Authorities say they first made contact with Young in 2010 after he complained about the arrest of his buddy Zachary Chesser, who was later famously convicted on terrorism charges for threatening the creators of “South Park.”

Over the next six years, Young met with several undercover FBI officers and informants in various attempts to send money overseas, communicate with known terrorists and plan an attack on the FBI, according to his arrest affidavit (featured below). Alongside undercover officers, he also met with Amine El Khalifi, who in 2012 was sentenced to 30 years in prison over a plot to carry out a suicide bomb attack in Washington, D.C.

All the while, Young suspected ― and rightly so ― that he was being watched. He allegedly told undercover officers that he used burner phones to avoid FBI detection, and worried that officers would show up to his house and find his stockpile of weapons, according to the affidavit. If they did, he said he would have attempted to kill them.

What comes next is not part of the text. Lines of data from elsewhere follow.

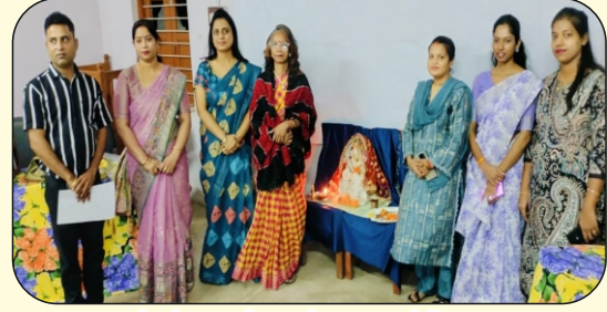
प्रो. शेवता मैडम के द्वारा सेमिनार
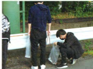
クリーンキャンペーンの様子

部活動に21:00から1時間程度参加することができます。部活動は、卓球部、バドミントン部、文化部などがあります。公式戦に出場し日々練習した成果を発揮することもできます。
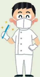
歯科医師 歯科衛生士
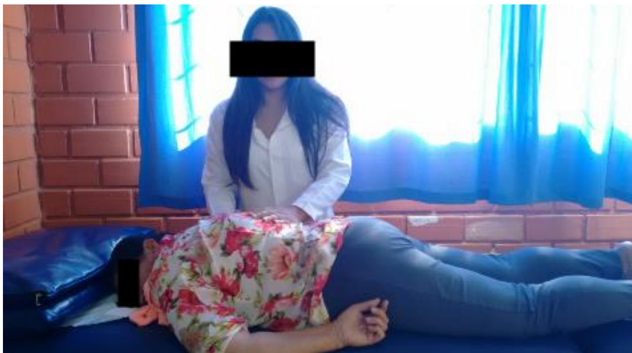
Figura 3 - Paciente posicionada pela acadêmica de fisioterapia para verificar a veracidade e condições de posicionamento. Verifica-se o braço em rotação interna apoiado junto ao corpo.
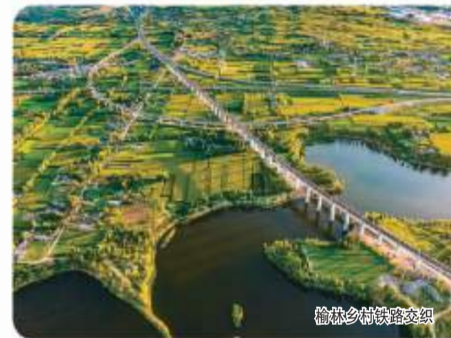
榆林乡村铁路交织
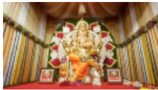
महानगरपालिकेची परवानगी घेतलेल्या सार्वजनिक गणेशोत्सव मंडळांना सहभागी होता येईल.

महापालिकेकडून करण्यात आले आहे. महानगरपालिका क्षेत्रातील सार्वजनिक गणेशोत्सव मंडळांनी राबविलेले पर्यावरणपूरक उपक्रम, जनजागृती आदी बाबीचे मूल्यमापन करून पुरस्कार देण्यासंदर्भातील बाय विचाराधीन आहे. सदर स्पर्धेत
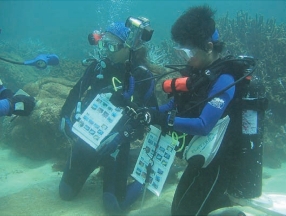
2008年十年一度的「國際珊瑚礁年」

If he were ever betrayed, he reportedly said, “That person’s head would be in a cinder block at the bottom of Lake Braddock.”

On another occasion, he discussed an attack on an FBI establishment, and in 2011 allegedly said he wanted to kidnap and torture an FBI agent who interviewed him about Chesser.

Last month, Young allegedly took action. He told an informant that he wanted to purchase mobile phone gift cards that would allow the self-described Islamic State to communicate and recruit via text. Authorities say that on July 28, Young sent 22 gift card codes ― worth about $250 ― to an undercover FBI agent, and said:

“Respond to verify receipt . . . may not answer depending on when as this device will be destroyed after all are sent to prevent the data being possibly seen on this end in the case of something unfortunate.”

The move was apparently the last straw for the FBI, and agents arrested him on several charges of attempting to give support to a foreign terrorist organization. He faces a maximum of 20 years in prison if convicted.

Metro General Manager Paul J. Wiedefeld told WTOP that he was horrified by the allegations.

“Metro Transit Police alerted the FBI about this individual and then worked with our federal partners throughout the investigation up to and including today’s arrest,” he said Wednesday. “Obviously, the allegations in this case are profoundly disturbing. They’re disturbing to me, and they’re disturbing to everyone who wears the uniform.”